## [DATA PROVIDED]
>>>

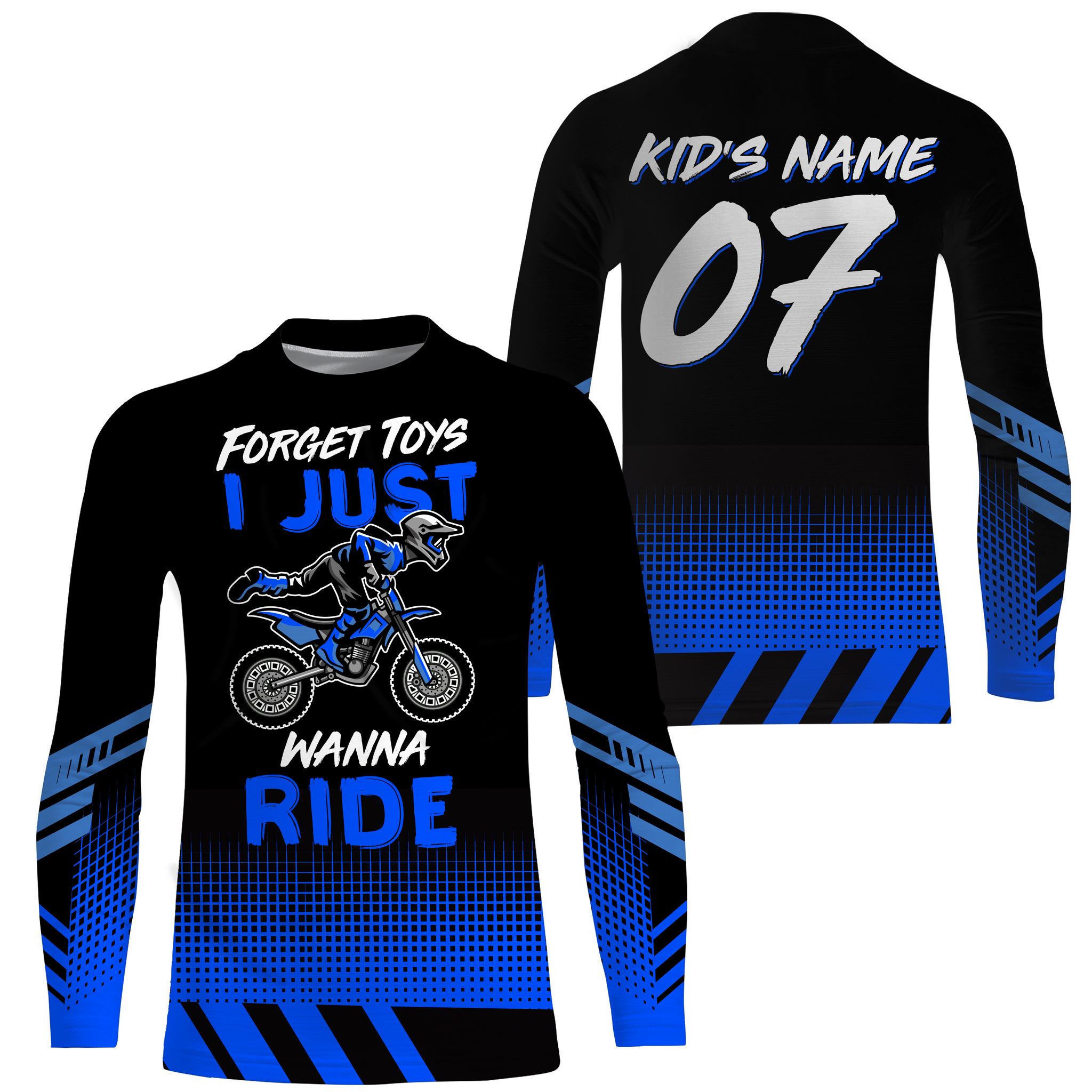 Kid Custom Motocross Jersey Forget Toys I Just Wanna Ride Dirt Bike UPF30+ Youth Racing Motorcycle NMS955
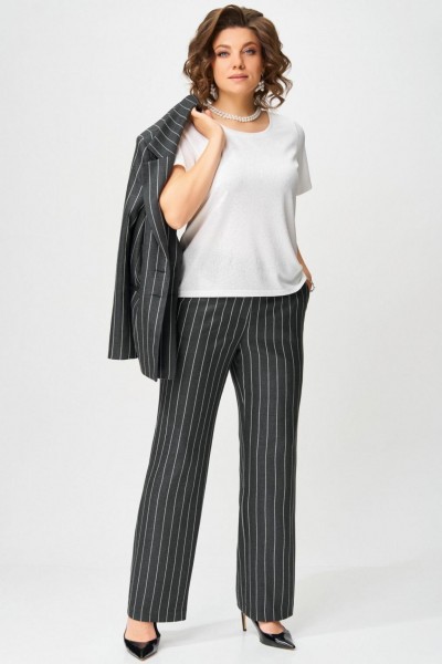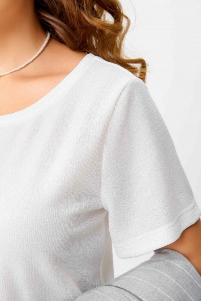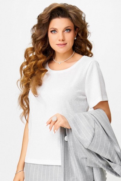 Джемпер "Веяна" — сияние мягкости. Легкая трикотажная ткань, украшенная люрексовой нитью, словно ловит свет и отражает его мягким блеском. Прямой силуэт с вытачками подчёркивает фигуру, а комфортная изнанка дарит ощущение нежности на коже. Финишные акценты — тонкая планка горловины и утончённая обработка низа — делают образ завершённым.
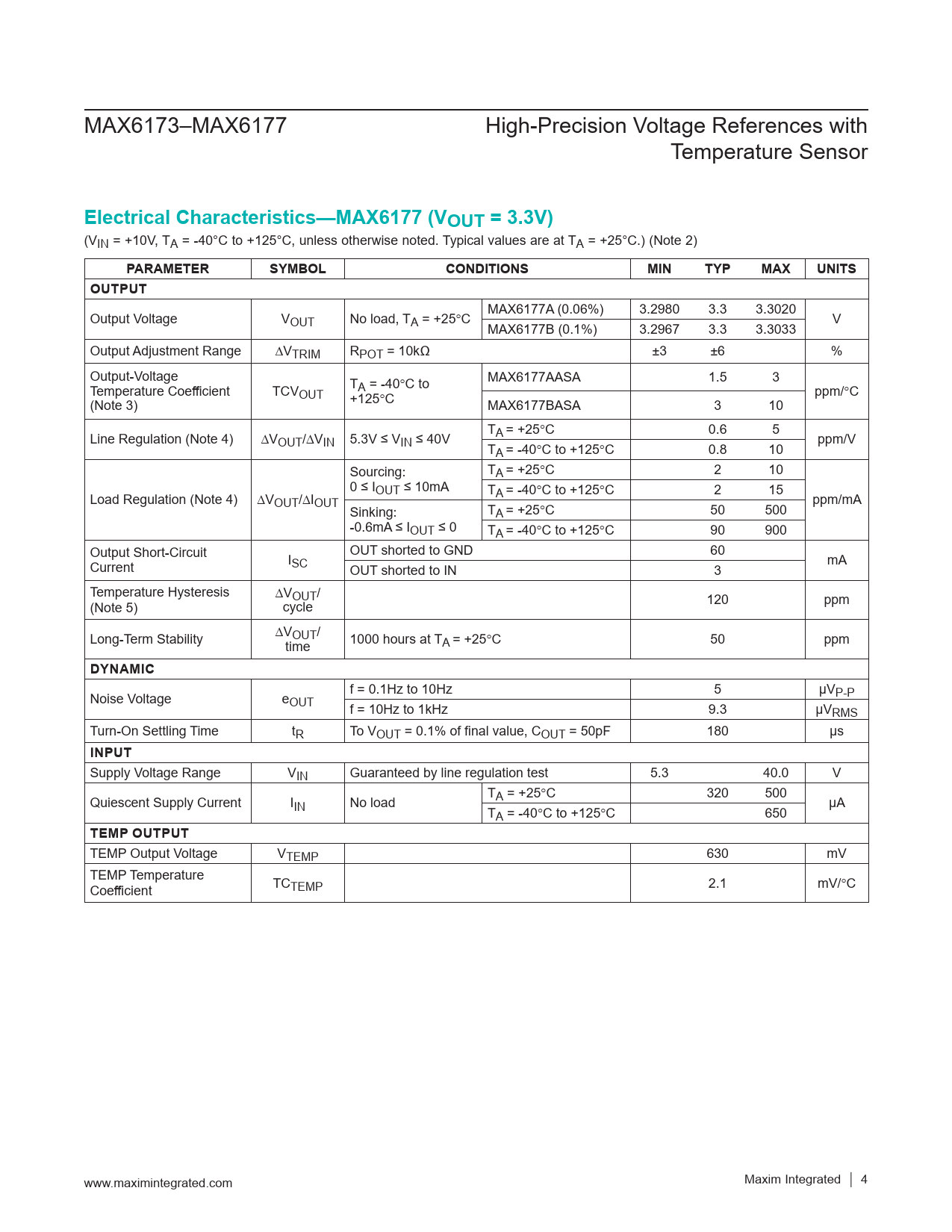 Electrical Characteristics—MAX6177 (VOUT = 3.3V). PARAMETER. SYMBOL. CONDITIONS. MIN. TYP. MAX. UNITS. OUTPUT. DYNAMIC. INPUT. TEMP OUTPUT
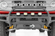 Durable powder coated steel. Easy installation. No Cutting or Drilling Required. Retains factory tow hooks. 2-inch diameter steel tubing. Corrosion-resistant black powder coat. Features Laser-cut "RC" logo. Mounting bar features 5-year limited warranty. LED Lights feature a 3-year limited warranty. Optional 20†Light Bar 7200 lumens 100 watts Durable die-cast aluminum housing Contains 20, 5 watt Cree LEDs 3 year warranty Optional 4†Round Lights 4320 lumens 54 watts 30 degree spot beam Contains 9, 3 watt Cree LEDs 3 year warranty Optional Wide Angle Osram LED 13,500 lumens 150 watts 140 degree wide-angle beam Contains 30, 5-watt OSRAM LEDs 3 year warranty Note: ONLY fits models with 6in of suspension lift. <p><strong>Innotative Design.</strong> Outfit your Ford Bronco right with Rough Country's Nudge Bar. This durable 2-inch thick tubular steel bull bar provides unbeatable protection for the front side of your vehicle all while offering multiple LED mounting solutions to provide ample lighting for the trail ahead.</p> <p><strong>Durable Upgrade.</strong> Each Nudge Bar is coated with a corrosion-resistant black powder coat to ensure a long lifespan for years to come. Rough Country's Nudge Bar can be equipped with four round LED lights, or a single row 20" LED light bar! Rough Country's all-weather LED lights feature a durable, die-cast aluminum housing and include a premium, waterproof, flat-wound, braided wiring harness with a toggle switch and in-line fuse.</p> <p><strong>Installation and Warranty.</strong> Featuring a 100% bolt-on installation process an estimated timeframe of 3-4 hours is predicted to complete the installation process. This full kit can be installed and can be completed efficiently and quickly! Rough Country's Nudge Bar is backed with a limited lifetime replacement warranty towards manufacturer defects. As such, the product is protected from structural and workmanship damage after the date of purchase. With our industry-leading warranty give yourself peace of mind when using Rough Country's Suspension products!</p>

<<<

## [WHAT THE EXERCISE ASKS]
Repeat the material exactly. Skip the images.

## [RESPONSE BOX]
 Kid Custom Motocross Jersey Forget Toys I Just Wanna Ride Dirt Bike UPF30+ Youth Racing Motorcycle NMS955
 Джемпер "Веяна" — сияние мягкости. Легкая трикотажная ткань, украшенная люрексовой нитью, словно ловит свет и отражает его мягким блеском. Прямой силуэт с вытачками подчёркивает фигуру, а комфортная изнанка дарит ощущение нежности на коже. Финишные акценты — тонкая планка горловины и утончённая обработка низа — делают образ завершённым.
 Electrical Characteristics—MAX6177 (VOUT = 3.3V). PARAMETER. SYMBOL. CONDITIONS. MIN. TYP. MAX. UNITS. OUTPUT. DYNAMIC. INPUT. TEMP OUTPUT
 Durable powder coated steel. Easy installation. No Cutting or Drilling Required. Retains factory tow hooks. 2-inch diameter steel tubing. Corrosion-resistant black powder coat. Features Laser-cut "RC" logo. Mounting bar features 5-year limited warranty. LED Lights feature a 3-year limited warranty. Optional 20†Light Bar 7200 lumens 100 watts Durable die-cast aluminum housing Contains 20, 5 watt Cree LEDs 3 year warranty Optional 4†Round Lights 4320 lumens 54 watts 30 degree spot beam Contains 9, 3 watt Cree LEDs 3 year warranty Optional Wide Angle Osram LED 13,500 lumens 150 watts 140 degree wide-angle beam Contains 30, 5-watt OSRAM LEDs 3 year warranty Note: ONLY fits models with 6in of suspension lift. <p><strong>Innotative Design.</strong> Outfit your Ford Bronco right with Rough Country's Nudge Bar. This durable 2-inch thick tubular steel bull bar provides unbeatable protection for the front side of your vehicle all while offering multiple LED mounting solutions to provide ample lighting for the trail ahead.</p> <p><strong>Durable Upgrade.</strong> Each Nudge Bar is coated with a corrosion-resistant black powder coat to ensure a long lifespan for years to come. Rough Country's Nudge Bar can be equipped with four round LED lights, or a single row 20" LED light bar! Rough Country's all-weather LED lights feature a durable, die-cast aluminum housing and include a premium, waterproof, flat-wound, braided wiring harness with a toggle switch and in-line fuse.</p> <p><strong>Installation and Warranty.</strong> Featuring a 100% bolt-on installation process an estimated timeframe of 3-4 hours is predicted to complete the installation process. This full kit can be installed and can be completed efficiently and quickly! Rough Country's Nudge Bar is backed with a limited lifetime replacement warranty towards manufacturer defects. As such, the product is protected from structural and workmanship damage after the date of purchase. With our industry-leading warranty give yourself peace of mind when using Rough Country's Suspension products!</p>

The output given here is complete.